While Germany denied the report, according to Reuters, the pressure is building on Lisbon to accept help from the European Union (EU) and the International Monetary Fund (IMF) in the wake of a sharp rise in Portuguese 10-year bonds.
At the end of last week, yields were at euro lifetime highs above 7%, with the yield of 5-year Portuguese bonds on the secondary market at 6.43% and 10-year paper trades at 7.26%. With Portugal scheduled to hold a bond auction in the coming week, the question is how long the nation will be able to sustain such high costs.
The source said, "France and Germany have indicated in the context of the Eurogroup that Portugal should apply for help sooner rather than later," and added that the Netherlands and Finland had also been of the same opinion.

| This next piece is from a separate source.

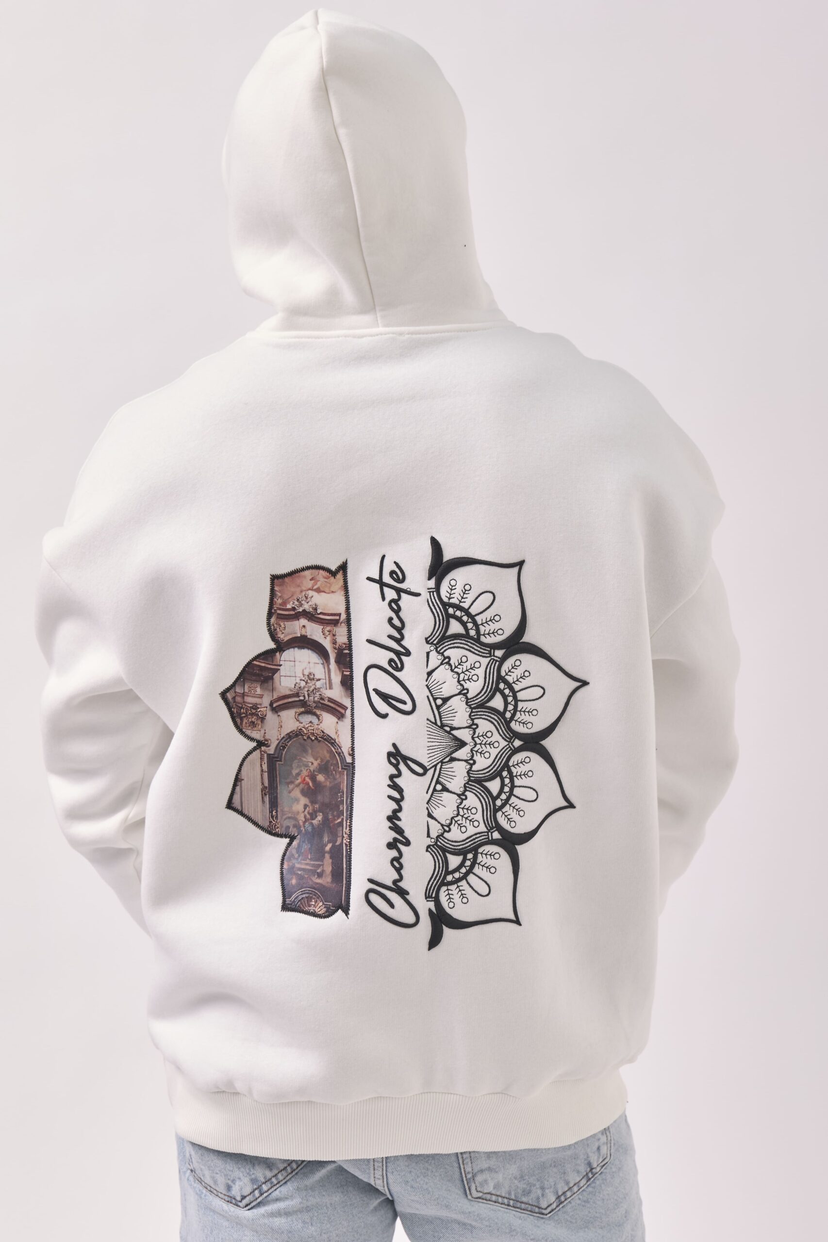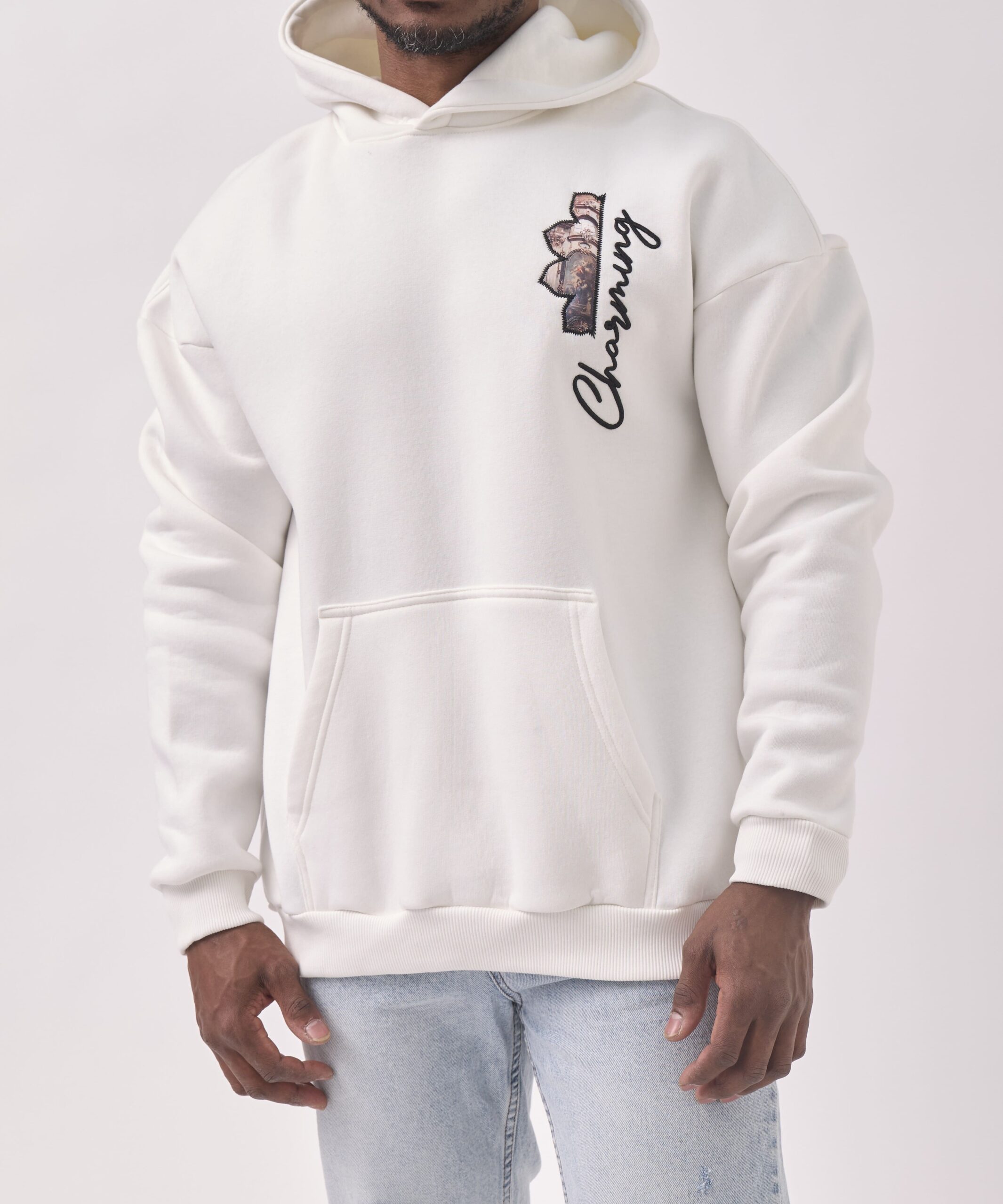 Sweat à capuche rapiécé – Blanc

While a Portuguese government spokesman said earlier in the day that Paris and Berlin were pushing for action, and a German finance minister said, "Germany is not pushing anyone to accept a bailout," an editorial in the Portuguese newspaper Publico said, "Only a miracle will save us from the IMF."
It is believed that if Lisbon accepts a bailout, it will mean protection for Spain, but so far the country has resisted. The source said, "The real battle will be the battle of Spain—but there I think we have much higher chances of success." If Spain has to be bailed out, it will strain the resources of the IMF.
In a Reuters poll last week of economists, almost all said that Portugal would have to be rescued. But another senior euro zone source said, "Portugal has not requested it—you cannot force somebody to want something. Strictly arithmetically speaking, it would not be necessary, but given the hysterics of some market participants it may become useful."